**DATA EXCERPTS**
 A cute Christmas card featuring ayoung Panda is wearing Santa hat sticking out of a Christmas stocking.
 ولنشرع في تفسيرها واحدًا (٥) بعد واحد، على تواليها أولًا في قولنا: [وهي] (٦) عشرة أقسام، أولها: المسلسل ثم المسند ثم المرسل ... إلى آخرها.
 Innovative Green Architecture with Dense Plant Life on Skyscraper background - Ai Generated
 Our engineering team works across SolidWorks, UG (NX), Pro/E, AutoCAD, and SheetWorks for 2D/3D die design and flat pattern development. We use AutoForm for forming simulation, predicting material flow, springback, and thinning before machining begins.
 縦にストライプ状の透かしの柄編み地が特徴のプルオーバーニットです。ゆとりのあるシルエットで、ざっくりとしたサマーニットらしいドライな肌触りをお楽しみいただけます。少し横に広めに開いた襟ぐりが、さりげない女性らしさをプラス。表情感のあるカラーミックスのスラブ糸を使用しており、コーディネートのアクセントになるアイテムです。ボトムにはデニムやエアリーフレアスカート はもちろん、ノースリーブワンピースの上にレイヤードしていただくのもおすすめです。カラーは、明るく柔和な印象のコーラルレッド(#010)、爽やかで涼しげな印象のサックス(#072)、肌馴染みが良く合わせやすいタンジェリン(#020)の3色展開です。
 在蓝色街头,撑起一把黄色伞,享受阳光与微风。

* * *

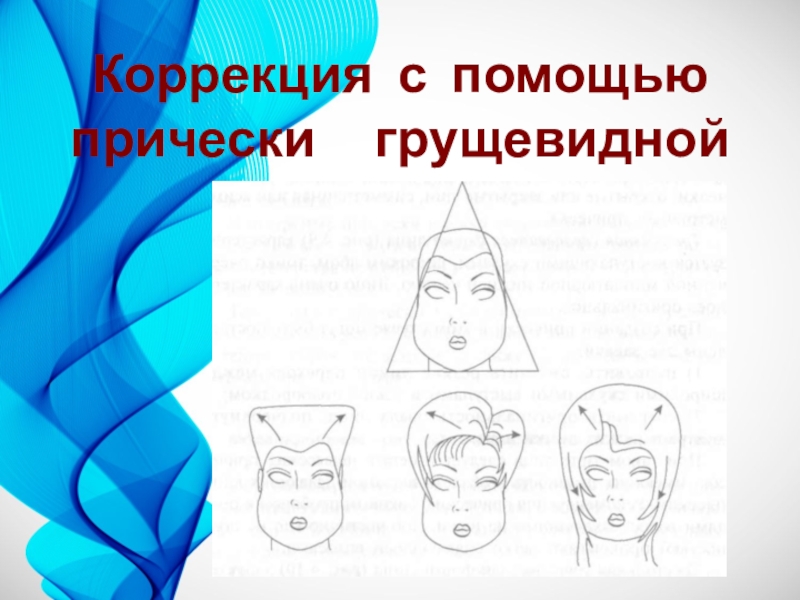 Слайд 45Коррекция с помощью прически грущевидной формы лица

---

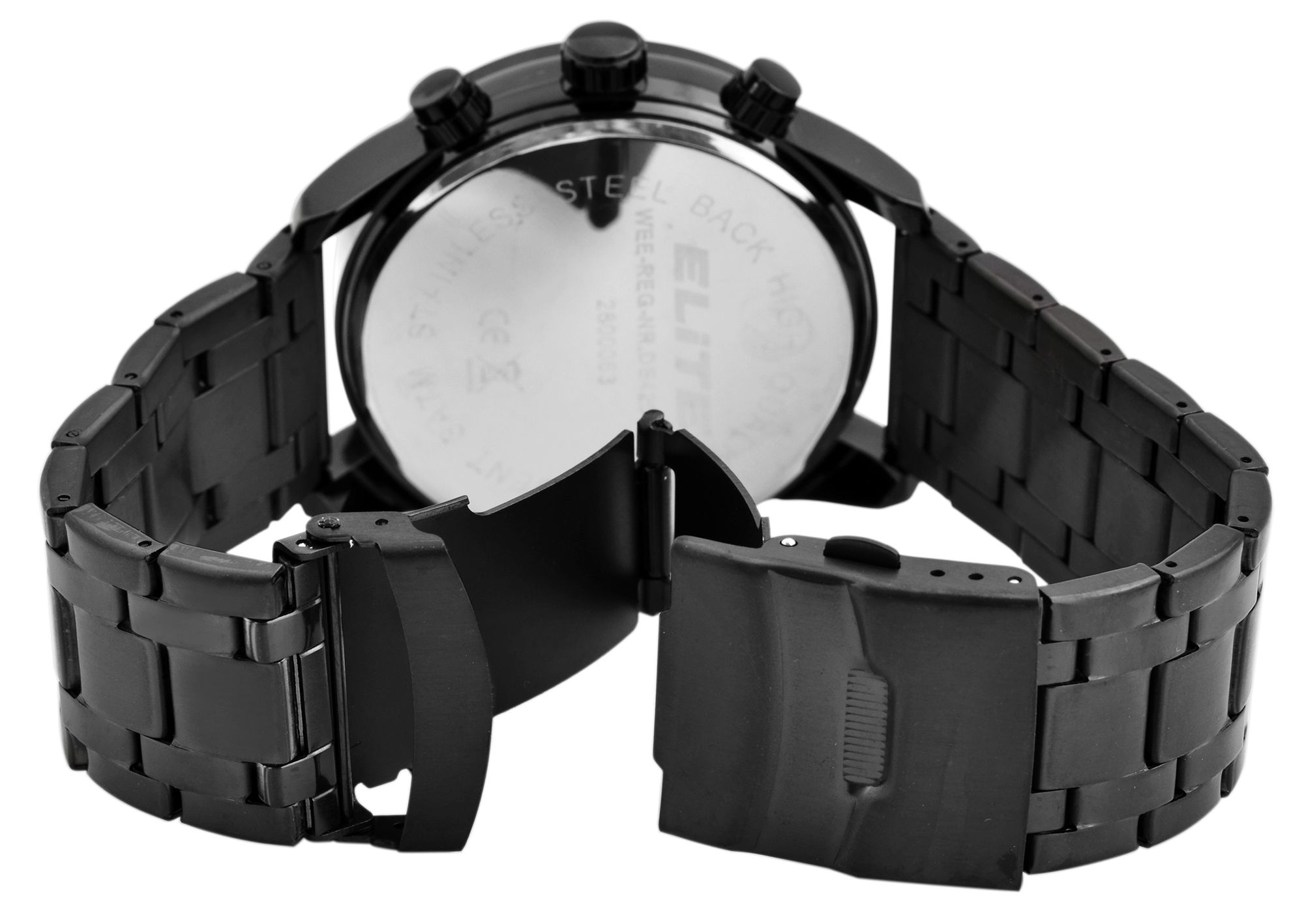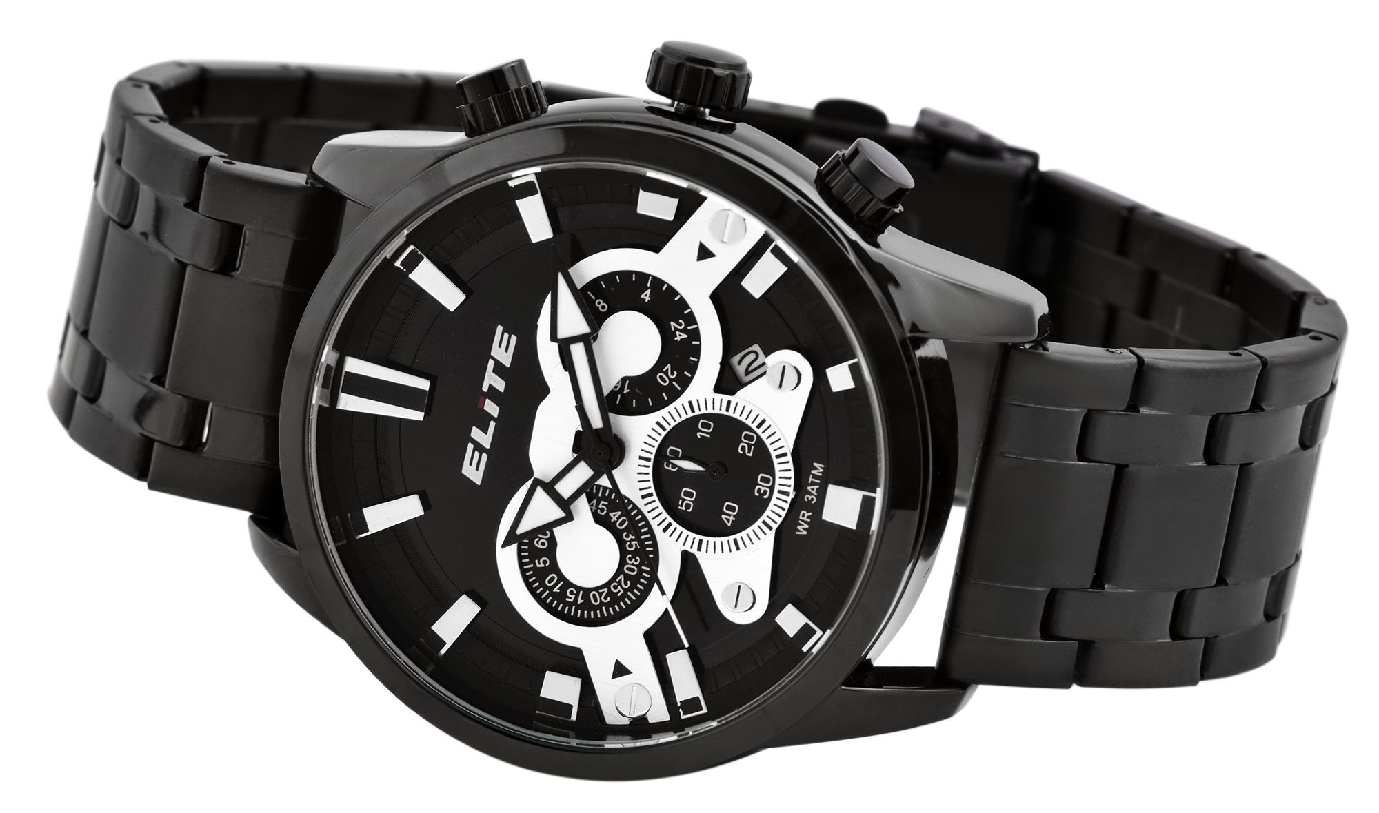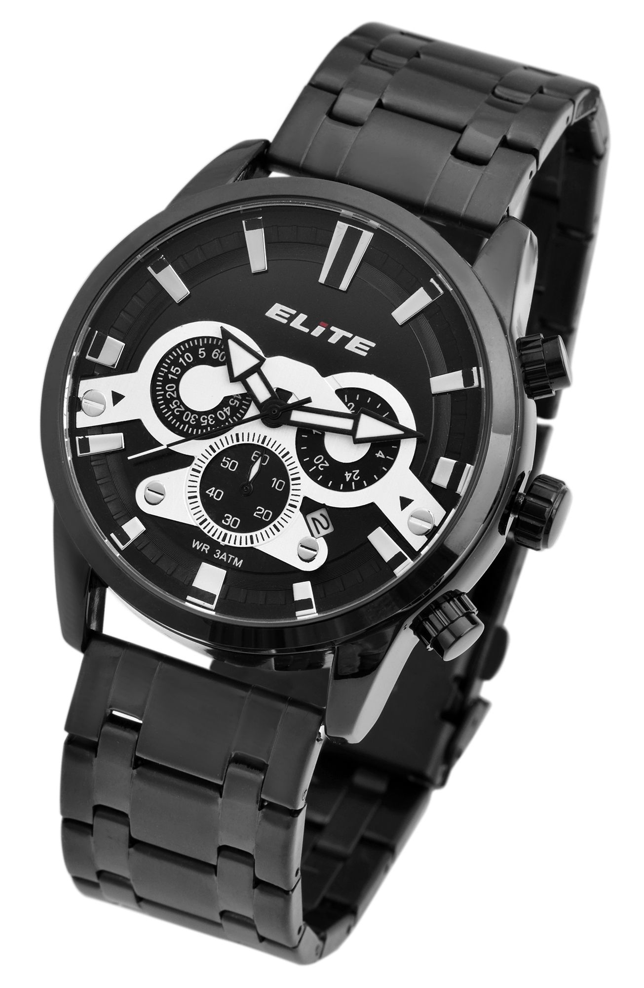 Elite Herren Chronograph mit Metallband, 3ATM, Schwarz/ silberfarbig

**PROBLEM**
In the data above, find the line that contains "ولنشرع في تفسيرها" and the line that contains "Our engineering team". Repeat exactly those lines and every line between them, and only those.

**OUTPUT OF THE TASK**
 ولنشرع في تفسيرها واحدًا (٥) بعد واحد، على تواليها أولًا في قولنا: [وهي] (٦) عشرة أقسام، أولها: المسلسل ثم المسند ثم المرسل ... إلى آخرها.
 Innovative Green Architecture with Dense Plant Life on Skyscraper background - Ai Generated
 Our engineering team works across SolidWorks, UG (NX), Pro/E, AutoCAD, and SheetWorks for 2D/3D die design and flat pattern development. We use AutoForm for forming simulation, predicting material flow, springback, and thinning before machining begins.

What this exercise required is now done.